[Entries shown Boundary: Start]

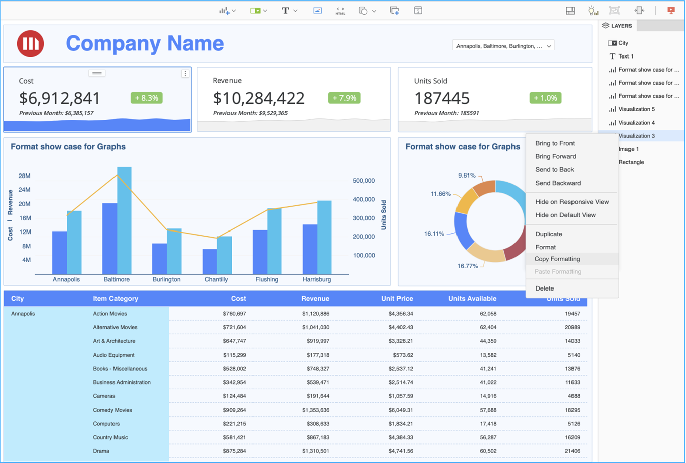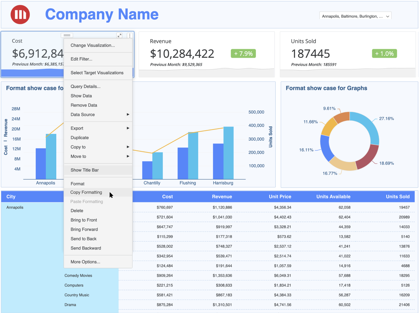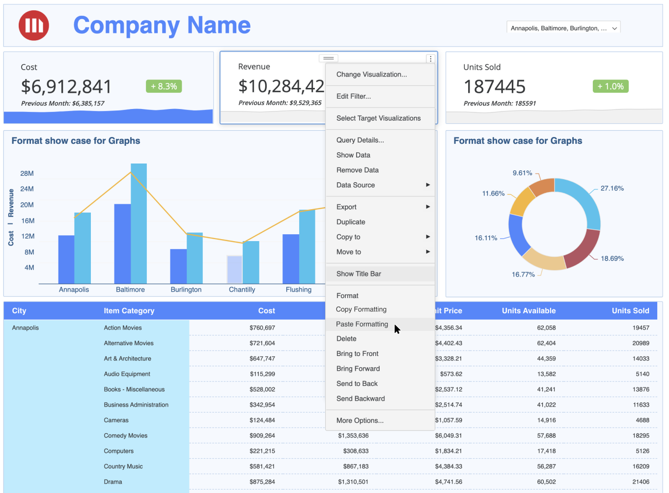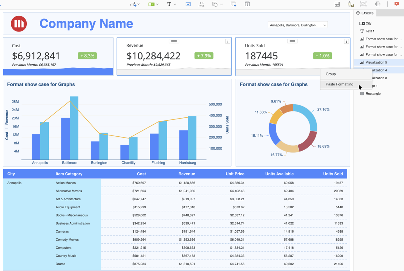 2. Right-click on one of the selected visualizations and choose Paste Formatting.
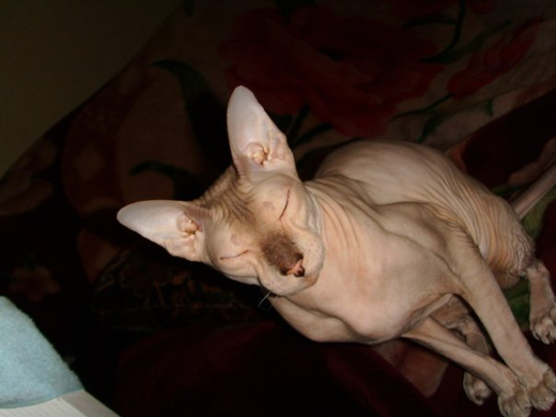 Кошечка умная и ласковая, кто имел петерболдов наверное знают про их нрав. Ходит в лоток.
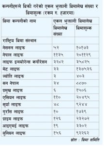 चालू आर्थिक वर्ष ०७४/७५ को पुस मसान्तसम्ममा जीवन बिमा कम्पनीहरूले ५ हजार १४ वटा एकल भुक्तानी जीवन बिमा योजना बिक्री गरेका छन् । बिमा समितिको तथ्यांकअनुसार सो योजना बिक्री गरेबापत कम्पनीहरूले ५४ करोड ५७ लाख रुपैयाँ बिमाशुल्क आम्दानी गरेका छन् ।
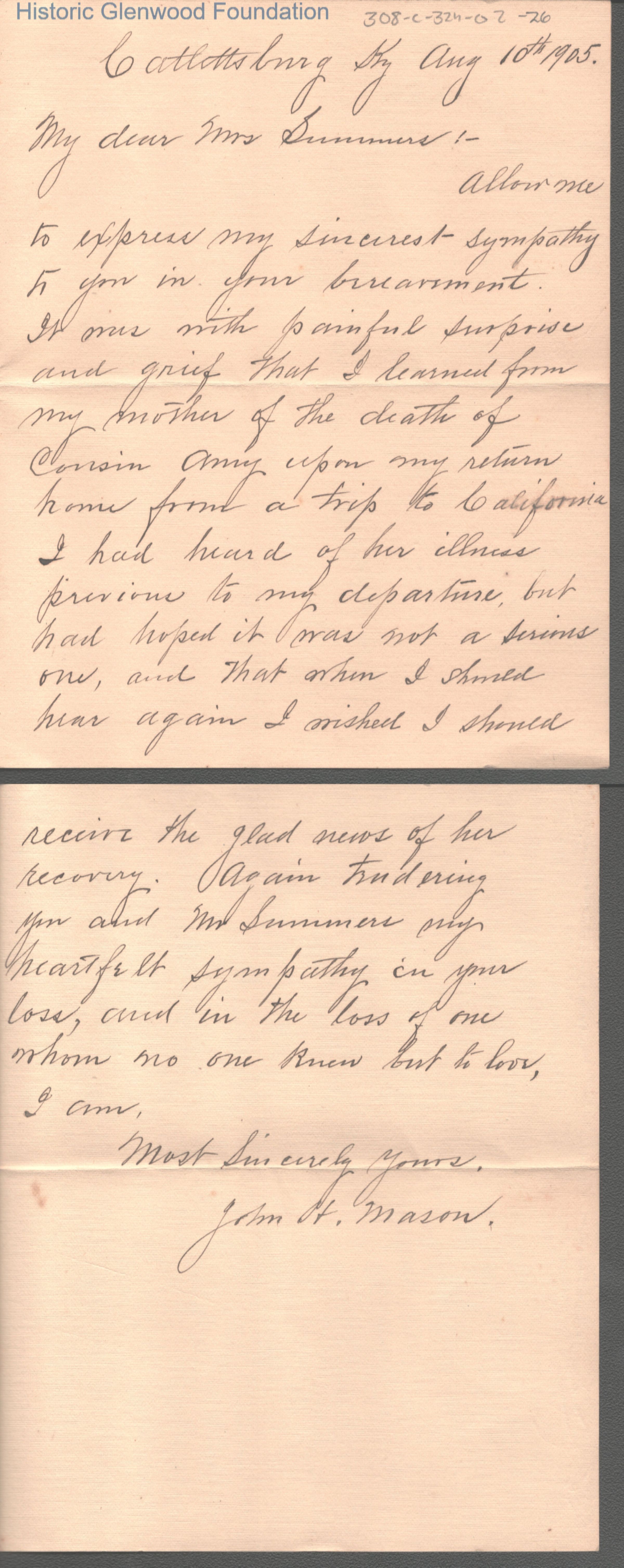 Lucy W. Summers from John H. Mason, August 10, 1905
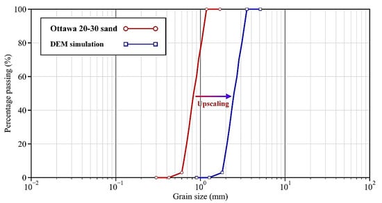 Sand particles in the samples followed the size distribution in Figure 1, which was scaled up from that of Ottawa 20–30 sand by 3.0 times in order to make the computational cost affordable [35]. As shown in Table 1, the particle density was set as 2650 kg/m3, the same as that of Ottawa 20–30 sand. A linear contact model was assigned between the sand particles for its simplicity, following the practice in Guo and Zhao [36]. Therefore, the interparticle contact stiffness was linearized using Equation (1), which was based on the Hertz–Mindlin theory and derived by Li et al. [26].
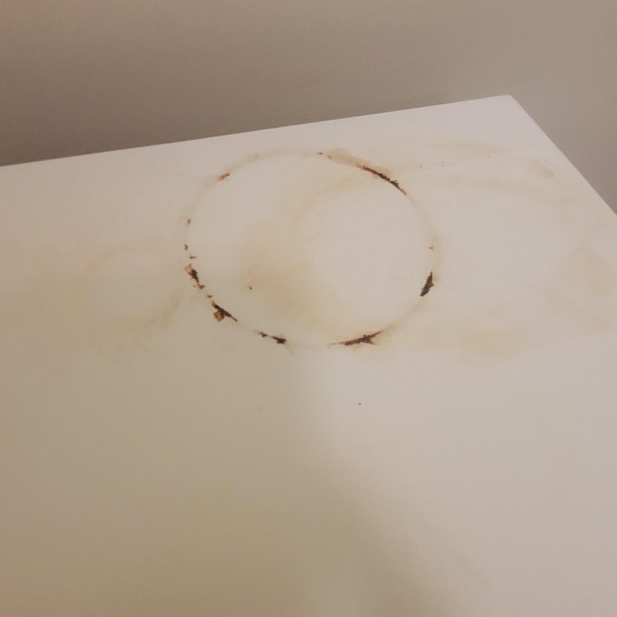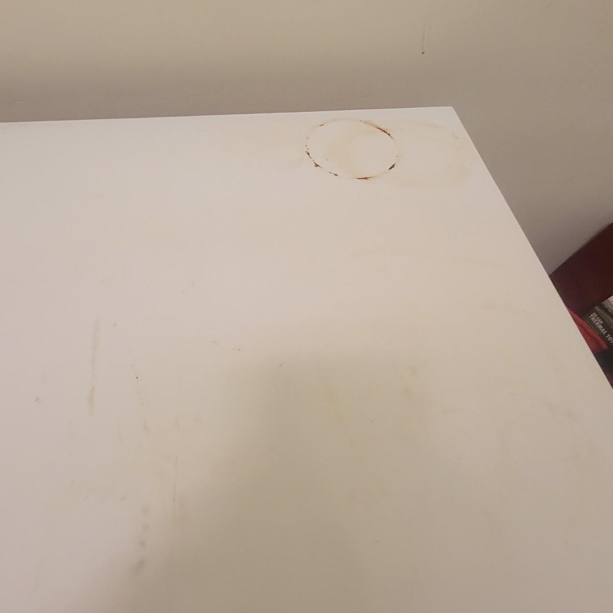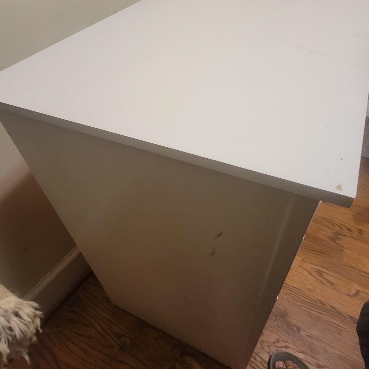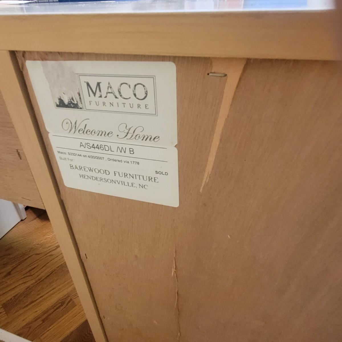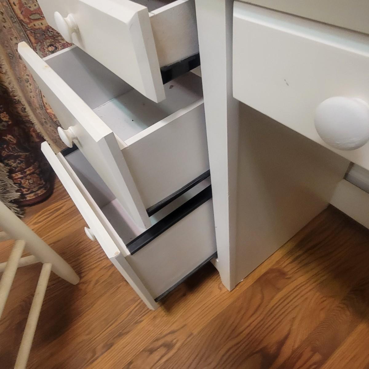 White desk with 4 drawers. Appears to be solid wood except for backing. Desk top does show some blemishes, see pictures. Manufactured by Maco Furniture. Measures approximately 46.5" x 18" x30". Chair is approximately 17" x 15" x 35". Seat height is 17". Local pickup only
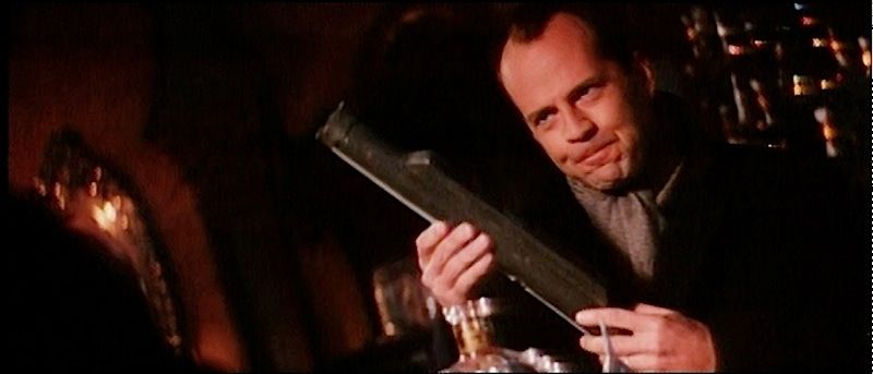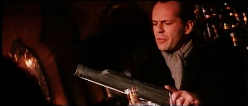 (Twentieth Century Fox Film Corporation, 1995) This prop Chinese grenade launcher was constructed of metal, with no target sights and was specially created for use by Bruce Willis as "John McClane". The prop was used in the alternate ending; the prop grenade launcher was the only one of its kind created for the film. The launcher is hollow inside; this was done so a 'charge' or 'explosive' could be inserted inside by the SFX crew to simulate the grenade launcher going off and killing Simon Gruber (Jeremy Irons) during his meeting with John McClane in the bar. Measures 19" in length.

[Entries shown Boundary: End]

Using the records above, return verbatim only the part that opens with the line containing "Lucy W. Summers" and closes with the line containing "White desk with"; pictures stay out.

▶ Result of the exercise
 Lucy W. Summers from John H. Mason, August 10, 1905
 Sand particles in the samples followed the size distribution in Figure 1, which was scaled up from that of Ottawa 20–30 sand by 3.0 times in order to make the computational cost affordable [35]. As shown in Table 1, the particle density was set as 2650 kg/m3, the same as that of Ottawa 20–30 sand. A linear contact model was assigned between the sand particles for its simplicity, following the practice in Guo and Zhao [36]. Therefore, the interparticle contact stiffness was linearized using Equation (1), which was based on the Hertz–Mindlin theory and derived by Li et al. [26].
 White desk with 4 drawers. Appears to be solid wood except for backing. Desk top does show some blemishes, see pictures. Manufactured by Maco Furniture. Measures approximately 46.5" x 18" x30". Chair is approximately 17" x 15" x 35". Seat height is 17". Local pickup only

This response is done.